Жако спустился в метро Пале-Ройяль, Анна-Мария пошла пешком, через двор Лувра. Она торопилась домой, ей хотелось согреться, забыть большие пустые комнаты. Жако хорошо говорить, а она при такой температуре ни о чем, кроме холода, не может думать.
Она испытывала какую-то нежность к этой пустынной лестнице, по которой ей уже недолго подниматься. Не придется ей больше поворачивать ключ в упрямом замке. Все это уже прошлое. Ну что ж, погреемся напоследок. Она сняла мокрый плащ, резиновые боты и не успела еще выйти из маленькой прихожей, как зазвонил колокольчик… Что, если не открывать? Ей надо работать, она устала. Но она не решилась не открыть, чтобы не открыть на звонок, требуется мужество… Анна-Мария покорно отперла дверь: вошла мадам Дуайен, у нее была опасная для ее друзей привычка являться без предупреждения.

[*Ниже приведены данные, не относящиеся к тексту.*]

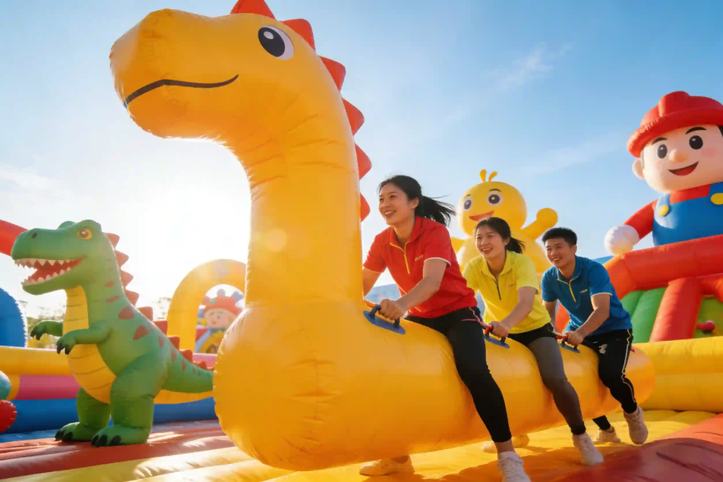 选用安全环保的充气毛毛虫道具,队员分组骑坐在毛毛虫道具上,双手紧握把手,在指定赛道内,通过全员同步发力、统一节奏,完成前进、转弯、冲刺等竞速任务,率先到达终点者获胜。项目兼具趣味性与协作性,既能快速活跃团建氛围,打破团队隔阂,又能锻炼团队的协同发力、节奏把控与执行力,适配企业团建、年会配套、新员工破冰等各类场景,参与门槛低、娱乐性强。
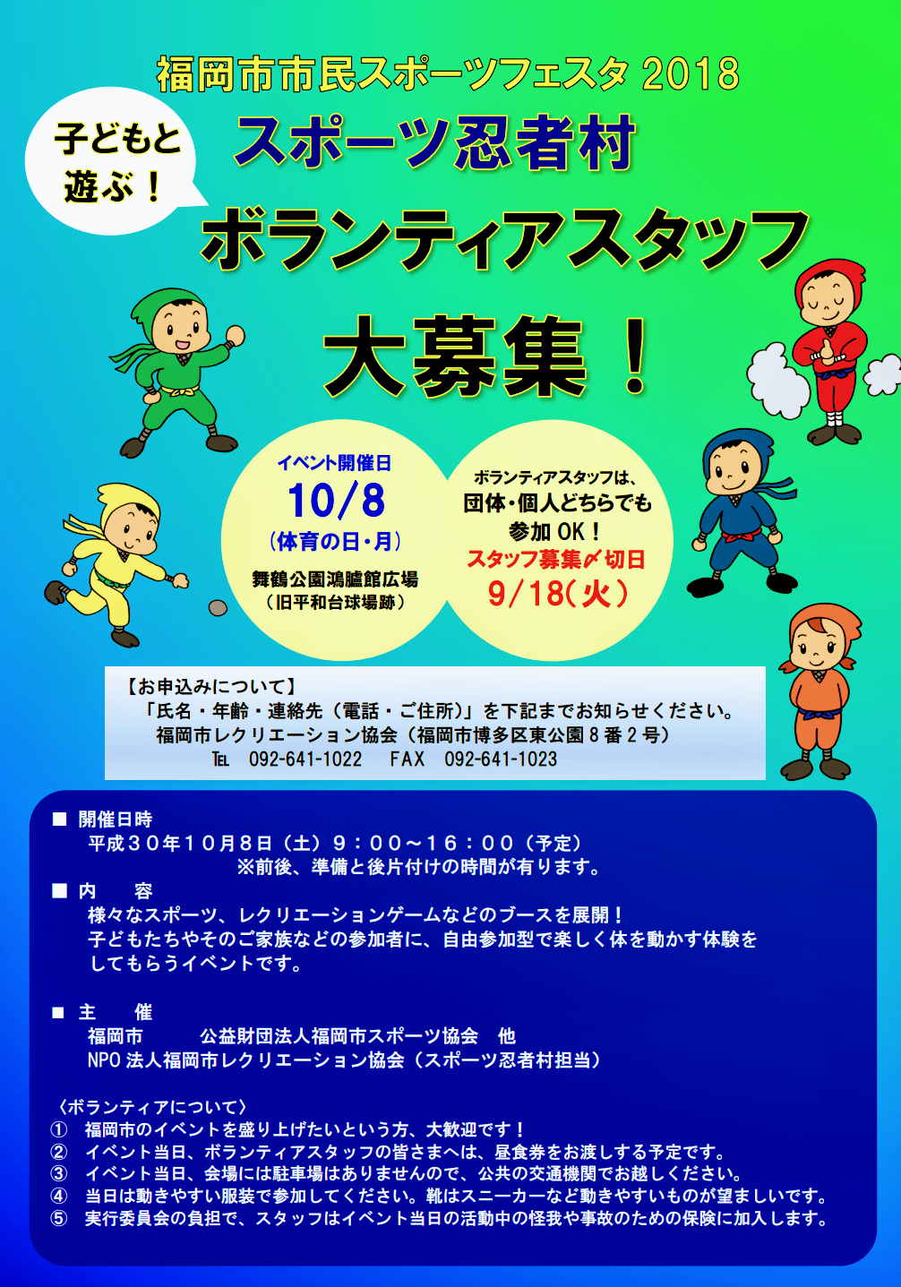 2018.09.06 ボランティア募集 by 特定非営利活動法人福岡市レクリエーション協会

– Я сама только что вернулась, – сказала Анна-Мария, встречая гостью приветливой улыбкой, – сейчас согреемся чашечкой чая. Пока вода закипит, устраивайтесь, как дома…
Анна-Мария отправилась на кухню, поставила воду, приготовила поднос. Ей так хотелось лечь, уснуть, забыть… Но что, собственно, она хотела забыть?
– Мадам Белланже, – крикнула из гостиной мадам Дуайен, – не помочь ли вам? Я ведь на минутку, я прекрасно обойдусь без чая…
Анна-Мария знала, что все это пустые слова: мадам Дуайен любила вкусно поесть, а дома ее не особенно баловали. К сожалению, она могла предложить гостье только хлеб с медом, ничего другого у нее самой не было. Белошвейка заламывала непомерные цены, а Анна-Мария вынуждена была тратить деньги с оглядкой.
– Какая роскошь! – воскликнула мадам Дуайен. – Видите ли, я зашла к вам, чтобы отвести душу. Я прямо от Эдмонды, вы ее знаете – графиня Эдмонда Мастр… Не следует мне ходить к ней, каждый раз у меня после этого начинается приступ печени, – впрочем, я сама виновата, зачем хожу к людям без предупреждения… Словно хочу застать их врасплох. И в самом деле, у этой мерзавки Эдмонды – надо вам сказать, что я знаю ее еще с тех пор, когда она под стол пешком ходила, – я застала мосье X. из «Жерб» [39]39
«Жерб» – прогитлеровская газета, выходившая во Франции в период оккупации.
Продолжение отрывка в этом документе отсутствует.